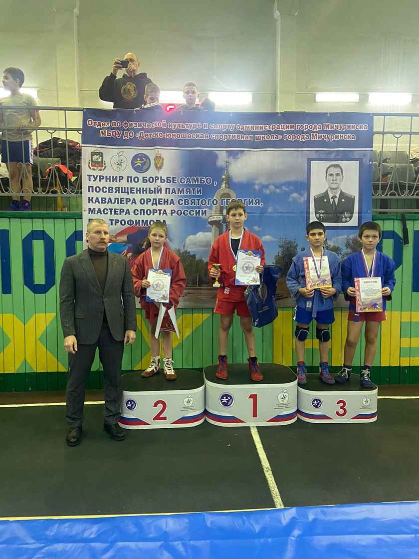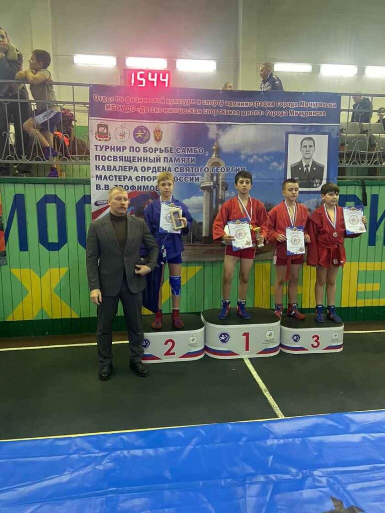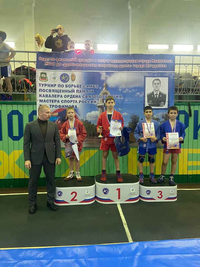 Команда МБУ ДО «Спортивная школа №7» отделения самбо под руководством тренеров-преподавателей А.С.Колодина и К.Н.Сарычева приняла участие в открытом турнире города Мичуринска по самбо среди юношей 2012-2013, 2014-2015 г.р., посвященного памяти кавалера ордена Святого Георгия, мастера спорта России лейтенанта В.В.Трофимова, приуроченные к 80-летию Победы в ВОВ.
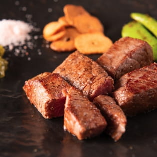 肉料理だけでなく、季節ごとの旬野菜や魚介料理にもこだわっています。野菜はお肉の添え物ではなく、ひと皿として楽しめる存在に。魚介は白身魚を中心に、ふっくらと旨みを引き出す焼き加減で仕上げます。鉄板料理だからこそ味わえる、日本の四季を感じる美味しさをお楽しみください。
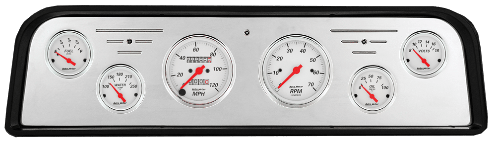 1954-1955 Chevy Truck Aluminum Adapter Rings w/ Auto Meter Street Rod Series Gauges

Problem requirements:
Pictures stay out of this copy. Retype exactly the lines from the one with "肉料理だけでなく、季節ごとの" through the last line of the data, both ends included, and nothing more.

Written answer:
 肉料理だけでなく、季節ごとの旬野菜や魚介料理にもこだわっています。野菜はお肉の添え物ではなく、ひと皿として楽しめる存在に。魚介は白身魚を中心に、ふっくらと旨みを引き出す焼き加減で仕上げます。鉄板料理だからこそ味わえる、日本の四季を感じる美味しさをお楽しみください。
 1954-1955 Chevy Truck Aluminum Adapter Rings w/ Auto Meter Street Rod Series Gauges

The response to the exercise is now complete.